The company first hit my radarin March after CEO Michael Johnson said on Jim Cramer’s Mad Money that Herbalife does research “around the clock.” Yet in its 10-K, the company discloses that its research spending is “not material.”
Best known for its weight-loss shakes, Herbalife likes to bill itself on its website as a “global nutrition company.” But it’s really in the business of multi-level marketing — or as it calls itself: “A global network marketing company that sells weight management, nutritional supplement, energy, sports & fitness products and personal care products.”
And not just any multi-level marketer, but “we are one of the largest network marketing companies in the world.”
By its nature, the centerpiece of the network marketing model is to recruit salespeople whose primary goal is to recruit other salespeople. “We are committed to providing our distributors with unique, innovative products to help them increase retail sales and recruit new distributors,” the company says in its 10-K. The ultimate goal, if all goes right, is to share in the profits of others up and down the line — or in the “upline” and “downline,” as they call it.
While the company says in its 10-K most distributors who take advantage of Herbalife’s “business opportunity” experience a high “turnover rate,” the formula has been a winner for the company and its shareholders.
Last year revenue surged more than 26 percent to $3.5 billion.
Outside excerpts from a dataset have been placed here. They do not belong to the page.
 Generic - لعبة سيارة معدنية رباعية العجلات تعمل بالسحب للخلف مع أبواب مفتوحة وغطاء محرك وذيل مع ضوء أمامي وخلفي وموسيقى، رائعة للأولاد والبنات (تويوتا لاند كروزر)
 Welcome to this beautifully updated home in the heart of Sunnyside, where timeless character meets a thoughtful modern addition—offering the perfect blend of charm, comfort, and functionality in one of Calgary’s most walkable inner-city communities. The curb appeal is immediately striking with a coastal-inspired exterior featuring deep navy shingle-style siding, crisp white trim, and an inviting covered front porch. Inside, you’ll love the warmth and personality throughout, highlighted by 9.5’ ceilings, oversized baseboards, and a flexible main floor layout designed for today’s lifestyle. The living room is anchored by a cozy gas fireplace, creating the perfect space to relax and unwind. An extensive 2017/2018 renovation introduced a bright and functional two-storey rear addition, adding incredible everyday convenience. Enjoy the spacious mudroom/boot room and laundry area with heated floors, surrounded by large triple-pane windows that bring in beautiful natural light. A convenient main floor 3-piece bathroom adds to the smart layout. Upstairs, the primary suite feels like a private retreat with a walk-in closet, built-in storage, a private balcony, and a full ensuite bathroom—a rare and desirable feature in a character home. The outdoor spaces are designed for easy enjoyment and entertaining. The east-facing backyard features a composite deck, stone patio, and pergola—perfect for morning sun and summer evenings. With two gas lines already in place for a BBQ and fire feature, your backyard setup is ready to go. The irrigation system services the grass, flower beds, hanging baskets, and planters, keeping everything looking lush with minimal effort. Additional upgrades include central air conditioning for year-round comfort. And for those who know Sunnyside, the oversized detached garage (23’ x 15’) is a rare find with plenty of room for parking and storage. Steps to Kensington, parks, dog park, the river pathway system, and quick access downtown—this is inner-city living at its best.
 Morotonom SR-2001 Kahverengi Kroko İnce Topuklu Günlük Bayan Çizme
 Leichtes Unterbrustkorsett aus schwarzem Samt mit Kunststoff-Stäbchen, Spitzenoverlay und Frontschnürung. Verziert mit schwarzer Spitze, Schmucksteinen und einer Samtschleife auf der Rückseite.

And before its recent plunge, its stock had more than tripled in two years; even with the slide it has more than doubled.
The business has done so well that, as I reported last week, Johnson is among the highest paid CEOs in the country, with annual compensation last year of nearly $90 million, according to GMI Ratings.
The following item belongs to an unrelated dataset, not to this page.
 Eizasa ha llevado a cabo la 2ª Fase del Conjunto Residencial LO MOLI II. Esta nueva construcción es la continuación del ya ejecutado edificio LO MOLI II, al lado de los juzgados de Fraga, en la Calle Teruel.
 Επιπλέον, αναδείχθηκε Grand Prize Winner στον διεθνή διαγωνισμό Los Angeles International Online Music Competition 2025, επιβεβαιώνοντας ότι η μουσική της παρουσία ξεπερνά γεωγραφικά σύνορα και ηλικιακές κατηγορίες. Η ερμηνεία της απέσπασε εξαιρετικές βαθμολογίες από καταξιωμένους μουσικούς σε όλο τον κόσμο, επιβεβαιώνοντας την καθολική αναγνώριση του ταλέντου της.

But there are reasons for investors to worry.
Reasons for investors to worry.
Consumer by any other name
The top reason, as it turns out, was the first question Einhorn asked on the call: How much product is sold to customers outside the company?
In a responseon its website and in an SEC filing, Herbalife said: “We don’t track this number and do not believe it is relevant to the business or investors.”
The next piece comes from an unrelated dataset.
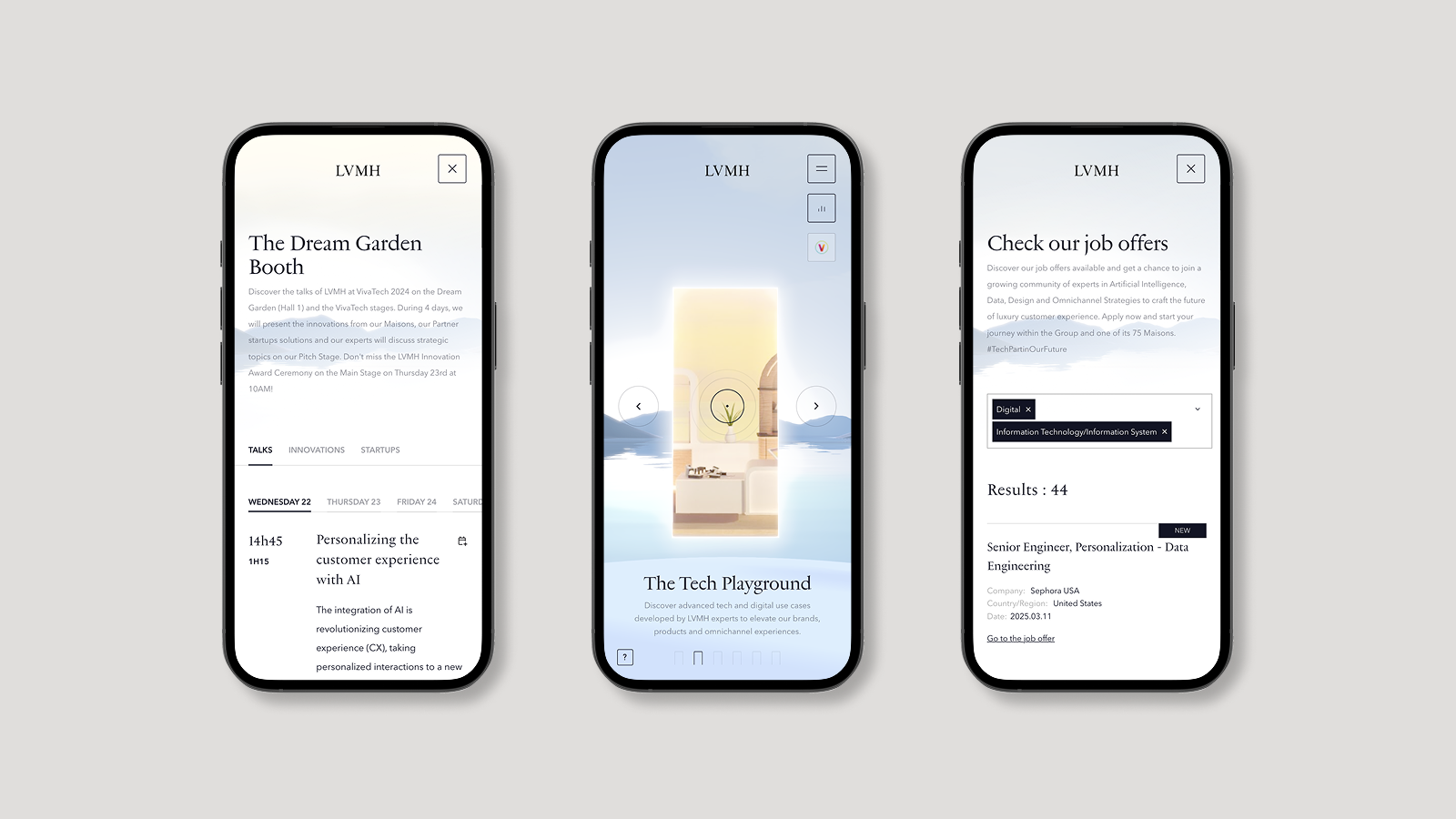 Commissioned by LVMH’s HR department, this immersive space highlights the Group’s tech ecosystem, featuring real-world use cases, testimonials, and key expertise areas. The experience positions LVMH as a creative playground for digital talents, where technology and savoir-faire intersect.

Yet, based on my research and discussions with multi-level marketing experts and former distributors, it may be the most relevant question.
Without mentioning any company by name, David Vladeck, Director of the Bureau of Consumer Protection of the Federal Trade Commission, told me Monday that it would be “red flag” if a multi-level marketing company didn’t keep track of unrelated customers.
An illegal pyramid scheme?
The “customer” issue strikes to the heart of the ongoing (and broader) controversy surrounding multi-level marketing companies like Herbalife: Are they pyramid or Ponzi schemes?
The question is so compelling that Herbalife itself includes the question on its websiteamong those frequently asked about “business practices.” In explaining why it believes it isn't a pyramid or Ponzi scheme, the company says: “Pyramid or Ponzi schemes are illegal, while multilevel or network marketing organizations such as Herbalife are carefully regulated and are legal business structures that involve the sales of real products of value to consumers.”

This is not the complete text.